Caffeinated Bitstream

Bits, bytes, and words.

Reinventing software for security; or: The woodpeckers are coming.

The past couple of years have been tough for digital security. A few disasters and near-disasters include:

  • Heartbleed, a buffer over-read vulnerability in OpenSSL allowing unauthorized remote access to data which may contain private keys.
  • Shellshock, an issue with Bash allowing remote code execution in many varied scenarios.
  • A bug in Microsoft's SSL/TLS library (Schannel) allowing remote code execution.
  • POODLE, a flaw in the SSLv3 protocol that an attacker can leverage on many connections by forcing a protocol downgrade, or relying on certain flaws in TLS implementations.
  • Attackers' increasing boldness in targeting networks for financial gain (Target, Home Depot) or cybervandalism (Sony Pictures), resulting in hundreds of millions — or perhaps even billions — of dollars in damages.
  • A rising awareness of state-sponsored attacks, from actors such as the NSA (Regin malware), the UK's GCHQ (Belgacom attack), and North Korea (alleged perpetrator of the Sony Pictures attack).

How did our infrastructure become so fragile? How did the miracles of technology turn against us? Who is responsible for this? Regrettably, my fellow software engineers and I are largely responsible. Together, we have created this frightening new world where people's property, finances, and privacy are at risk.

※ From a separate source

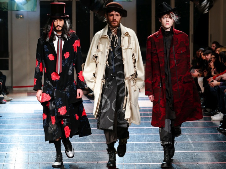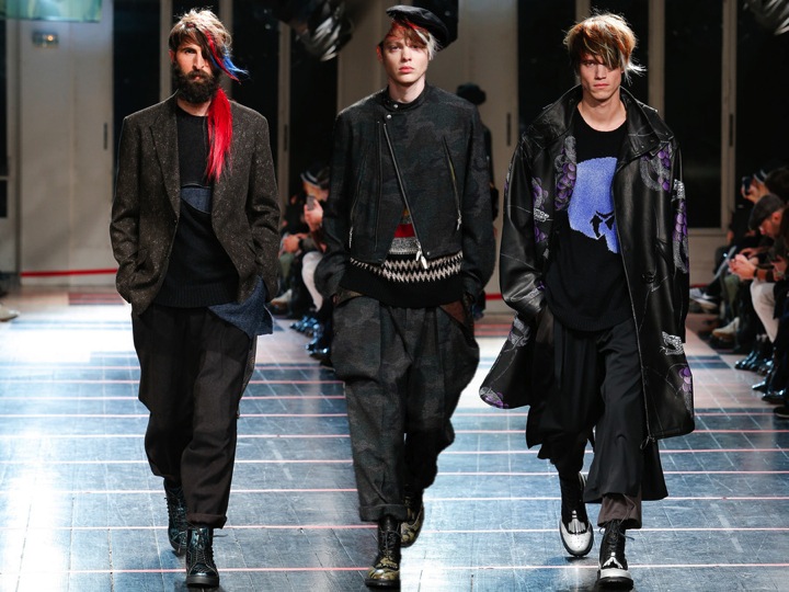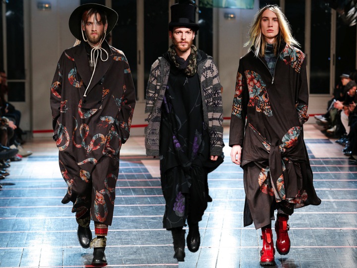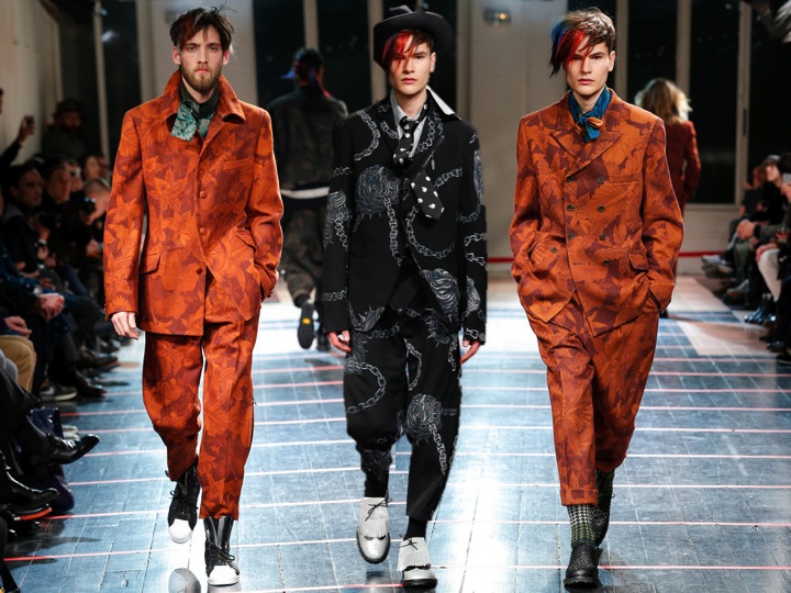 Slide1-kopia 3Yohji Yamamoto made me amazed till now after this unexpected print mash-up. The designer who was the lover of black for a decade, made the most colourful, vibrant and beautiful collection for men to date. The AW14 collection is so amazing! The clothes… so over-sized (pants, coats, shirt, blazers) and full of Parisian’s Le Marais spirit! The prints were slightly oriental- flowers and snakes where all here. But still, the black hats, interesting models with colourful hair and the attitude of the collection made it cool boheme. For now- my favourite collection for AW14.

“If builders built buildings the way programmers wrote programs, then the first woodpecker that came along would destroy civilization.” — Gerald Weinberg

Weinberg's famous quote about software quality points out a lack of rigor that can be seen in the software industry for decades. In the 1970's and 1980's, the nascent Internet was a more civilized place, similar to a small town where people felt comfortable leaving their front doors unlocked. Accordingly, we built software with little consideration of security. Unencrypted communication protocols like telnet would happily share your passwords with any eavesdropper, and lax security in other network services would eventually expose unexpected attack modes that were perhaps obvious only in hindsight. In the 1990's and 2000's, we wised up with better encryption, authentication, authorization, and recognition of security as an explicit engineering goal. (As far as I can tell, the first RFC with a dedicated “Security Considerations” section was RFC 1060 from March 1990.)

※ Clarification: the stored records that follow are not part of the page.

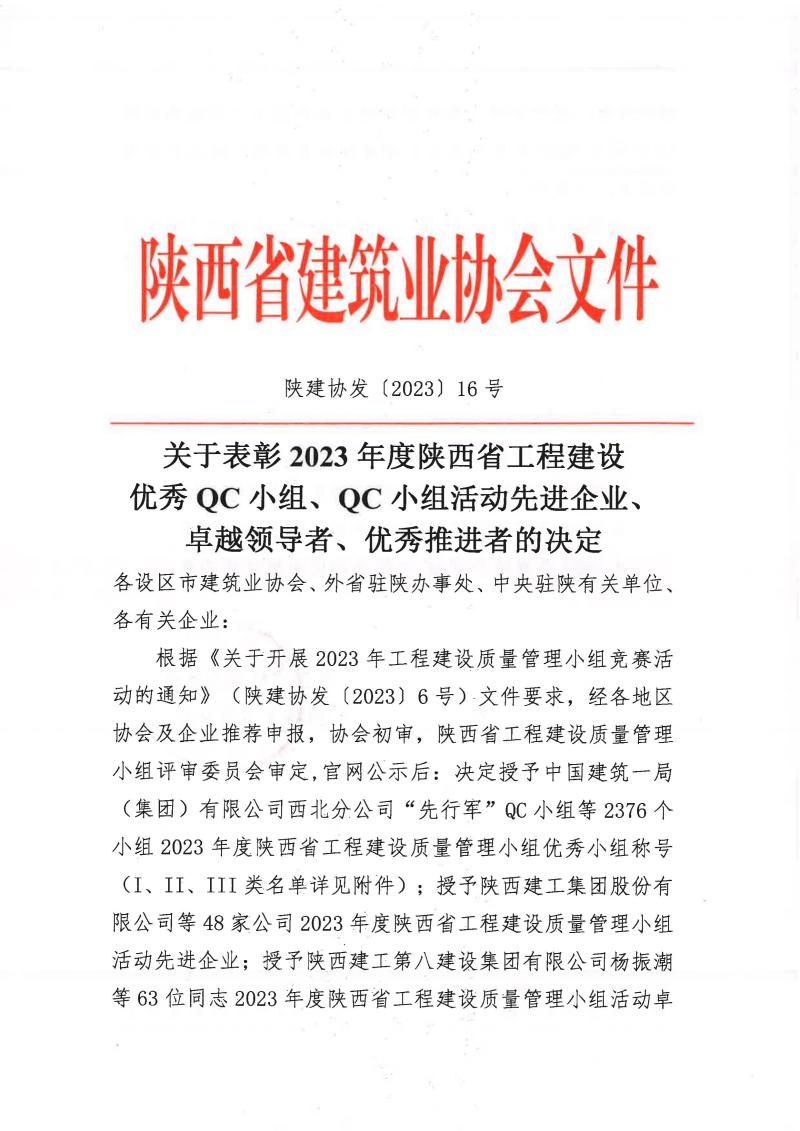 近期,在陜西省建筑業(yè)協(xié)會(huì)2023年QC成果評(píng)審中,港務(wù)中路項(xiàng)目QC小組《切割機(jī)擋火、降塵、水過(guò)濾系統(tǒng)的研制與應(yīng)用》榮獲二類(lèi)成果獎(jiǎng)。今后我們將繼續(xù)努力,再接再厲,爭(zhēng)取拿到更多成果獎(jiǎng)項(xiàng),為提升工程質(zhì)量貢獻(xiàn)一份住總力量。
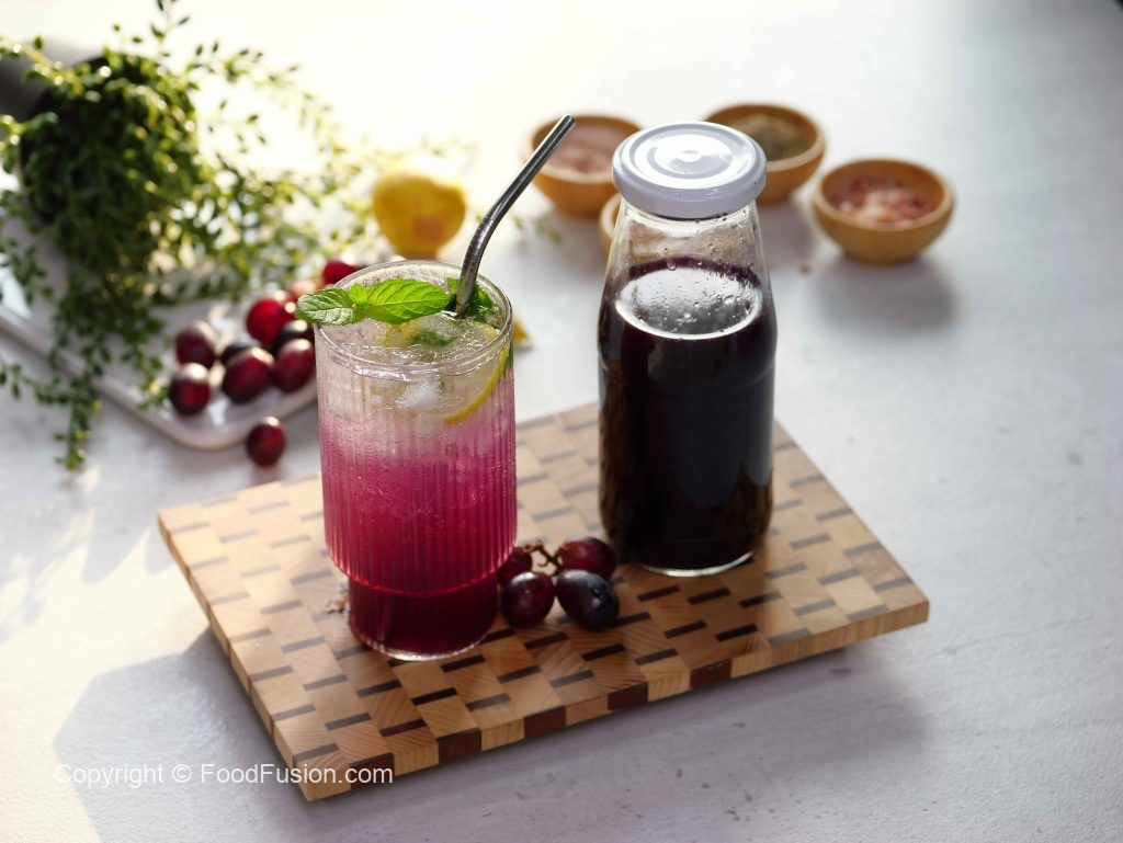 -In a saucepan,add black grapes,water,turn on the flame,bring it to boil & cook on medium flame until soft & mash slightly.
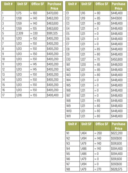 - Thirty-eight (38) standard flex units featuring fully built office and warehouse space

However, although we managed to lock the front door, we left our systems vulnerable in many other ways. Memory safety errors, unexpected consequences emerging from complexity, and numerous mundane code correctness issues provided attackers with a seemingly endless toolkit for compromising systems.

Many other engineering disciplines have the benefit of hundreds or thousands of years of accumulated wisdom that have resulted in highly refined tools and methods. Designing bridges or buildings, for example, is a well-understood process. We've only been developing software for about 60 years, and only been developing software at a large scale for maybe 30-40 years. Our field is very much still in its infancy: our tools are sorely lacking, our methods tend to be ad-hoc, and lack of experience leads us to be overconfident in our ability to produce correct code. Our products often fail to provide the basic functions expected by the user, much less withstand attacks by a thinking, creative adversary. It pains me that we've let down our employers, customers, and users by producing such flawed products.

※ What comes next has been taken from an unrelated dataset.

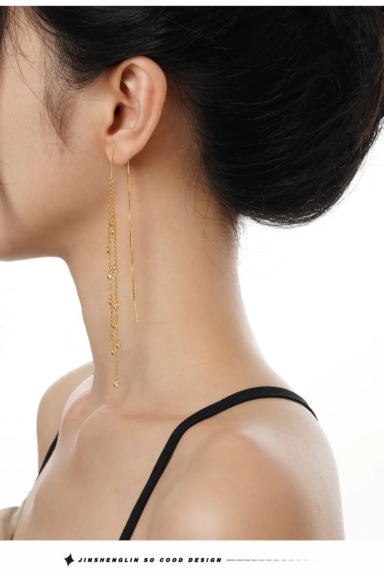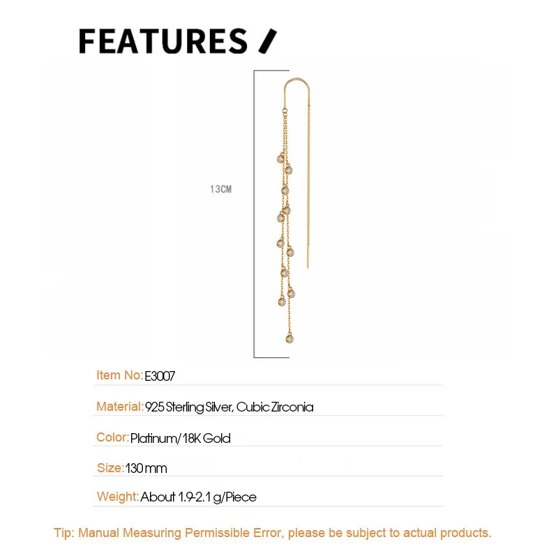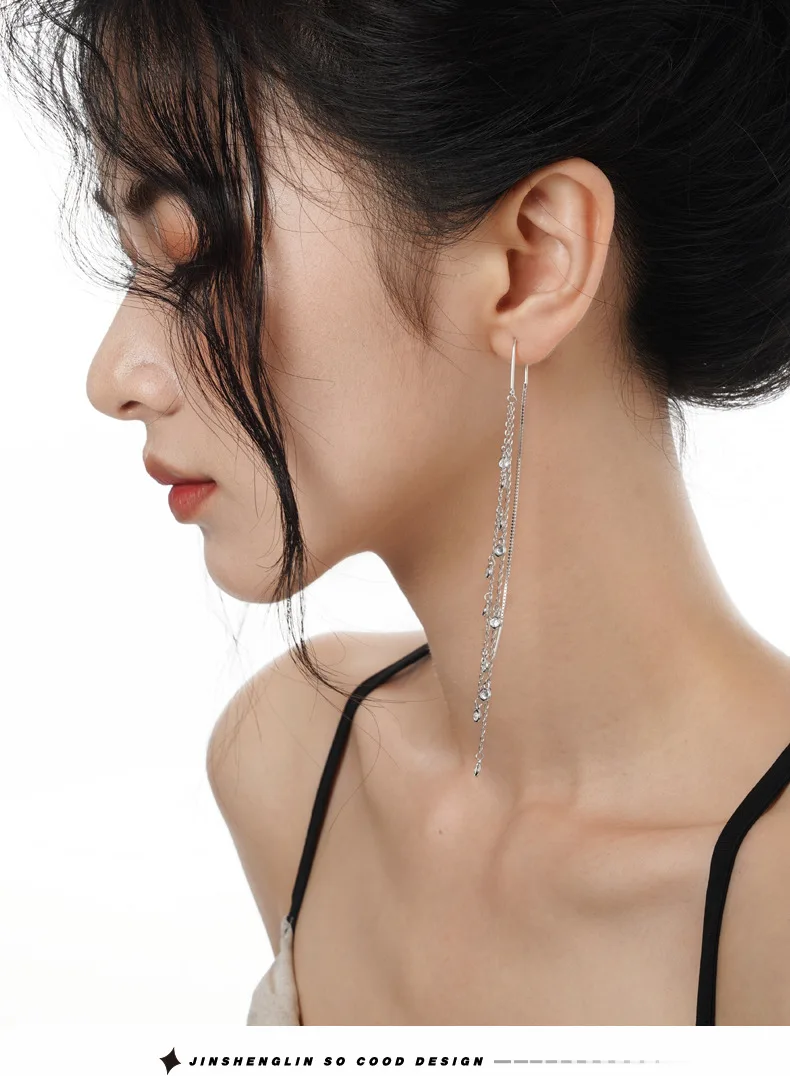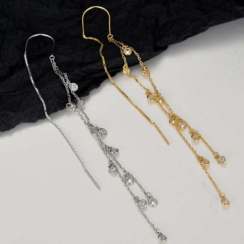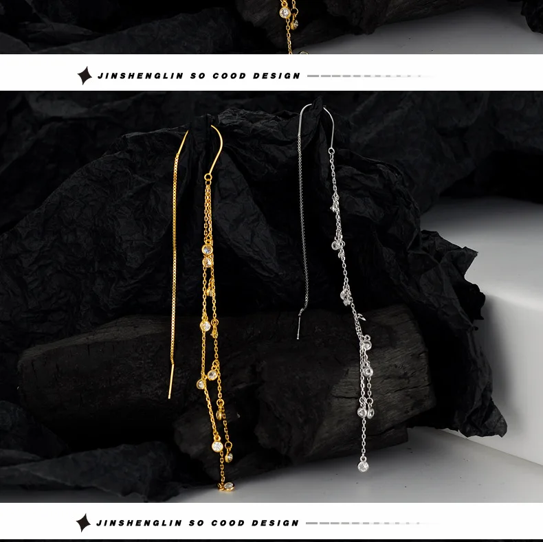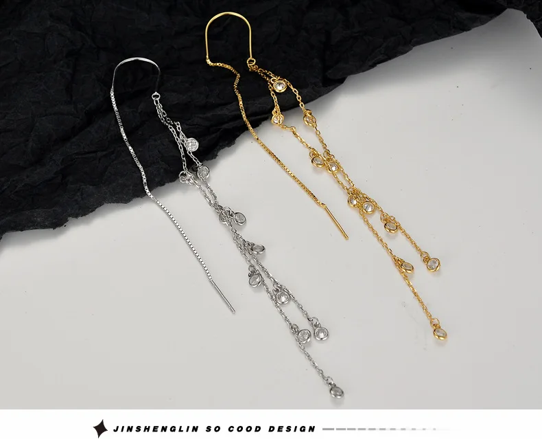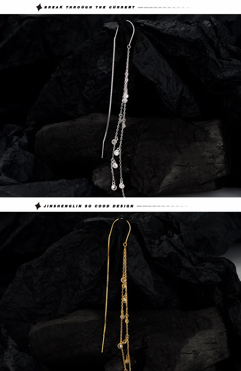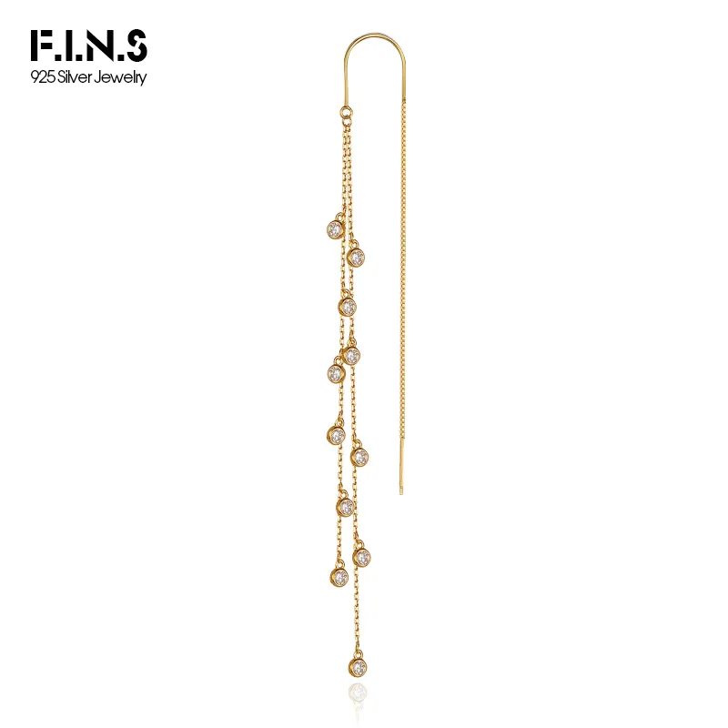 Jewel Type : F.I.N.S Pure S925 Sterling Silver Long Zircon Tassel Drop Earrings Luxury Hanging Pierced Ear Line Dangling Fine Jewelry

Software development must reinvented. We need better tools and methods to build more reliable software, and an environment that values security and rewards engineers and companies for producing such software. These things are easier said than done, and I don't have all the solutions. I do know that it's time to start working on solutions. The threat level is not going down any time soon. In fact, I expect it to rise with our increased reliance on software systems and as recent high-profile attacks show the world's miscreants just how vulnerable we are.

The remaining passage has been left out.